ホテルはスモールコミュニティといわれます。多種多様な人が集まる、ある意味で開かれた空間です。しかし、室内でもありますし、さまざまな目的の方がいらっしゃいます。ですから、ホテルの中では、大声を出さないほうがよいですし、走るという行為も、避けていただければありがたいです。ハイクラスの大型ホテルのロビーは広いですから、急ぐときにはつい小走りになったりしますが、実はこれは厳禁です。

自分が宿泊客であったり、パーティの主催者であったりすると、ついつい自分の行動に甘くなりがちですが、周囲の人たち含めて、すべてがホテルにとってはお客様です。よろしければ、お客様としての「気遣い」も持っていただければありがたいです。ホテルにとっても、大切にしたいお客様となります。
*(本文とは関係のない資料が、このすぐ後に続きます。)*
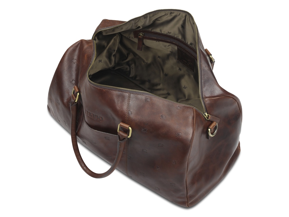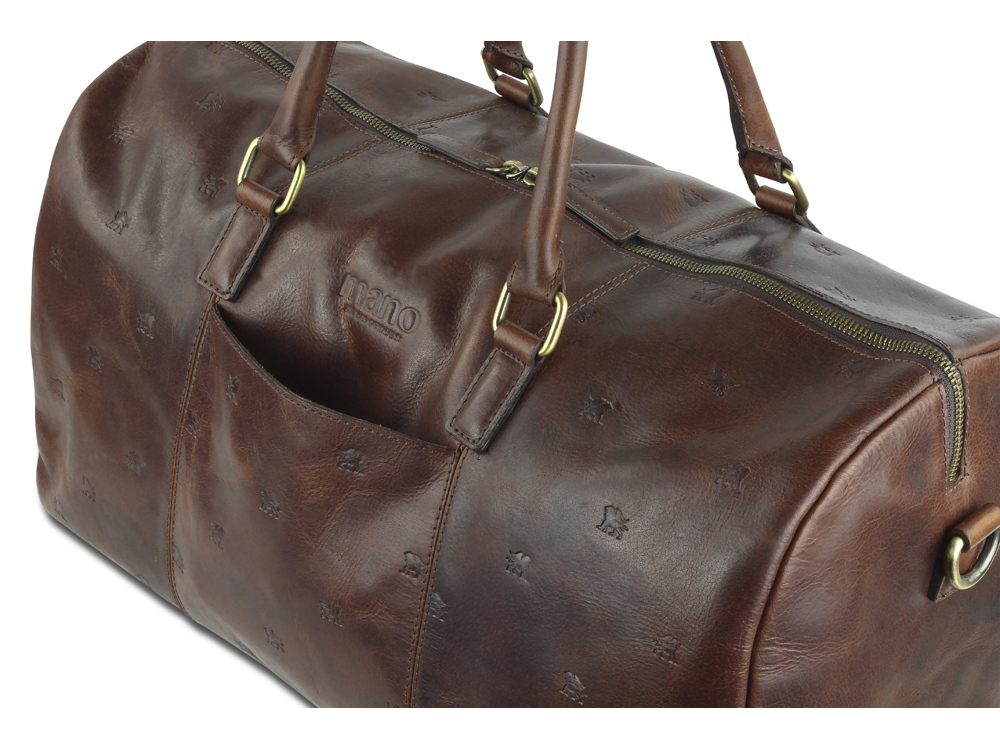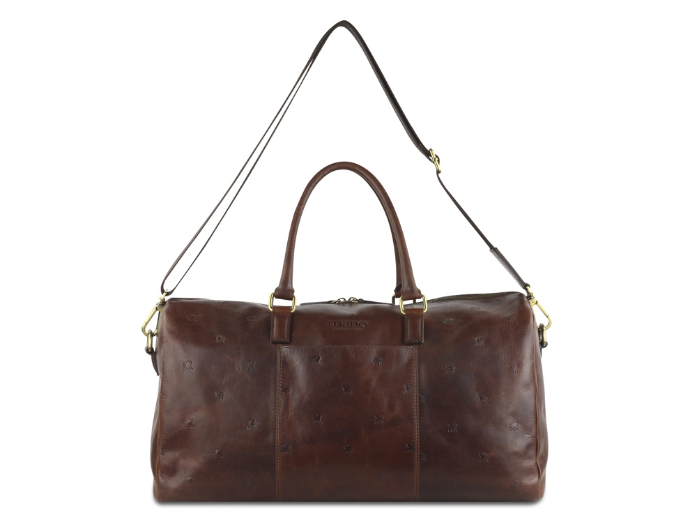 Коллекция DON LEON - квинтэссенция инноваций бренда MANO 1919®. Все изделия коллекции изготовлены вручную из высококачественной натуральной кожи буйвола в роскошном коричневом цвете. Элегантное тиснение в виде льва и изящный логотип подчеркивают индивидуальный стиль коллекции. MANO 1919 ®. Дорожная сумка M191921041 Эстетика и практичность: дорожная сумка M191921041 отличается элегантным стилем и удобной организацией внутреннего пространства. Вместительное отделение и дополнительные карманы обеспечивают идеальное хранение вещей, необходимых для поездки. Дорожная сумка станет незаменимым компаньоном для мужчин, которые ценят удобство и комфорт. Благодаря первоклассной коже, качественной подкладке и надежным застежкам дорожная сумка станет верным спутником в путешествии. Размеры: 27 см (В) x 50 см (Ш) x 24 см (Г) Материал: натуральная кожа буйвола Особенности: • Основное отделение на молнии с внутренним карманом на молнии • 2 больших кармана • Дополнительное отделение • Съемный регулируемый плечевой ремень до 145 см

さらに、大切にしたいお客様として、「ホテルごとのルール」に準じてサービスをうけることをよしとしていただく方は、マナーがよいともいえます。

たとえば、ホテルオークラで提供させていただいたサービスを、「オークラがやってくれた」といって、他のホテルにも強く要求するのは、 どうでしょうか。オークラはオークラの経営理念や運営コンセプトに基づいた「流儀」があり、他のホテルでは、そのホテルに基づいた「流儀」にのっとって、個性や差別化を図っています。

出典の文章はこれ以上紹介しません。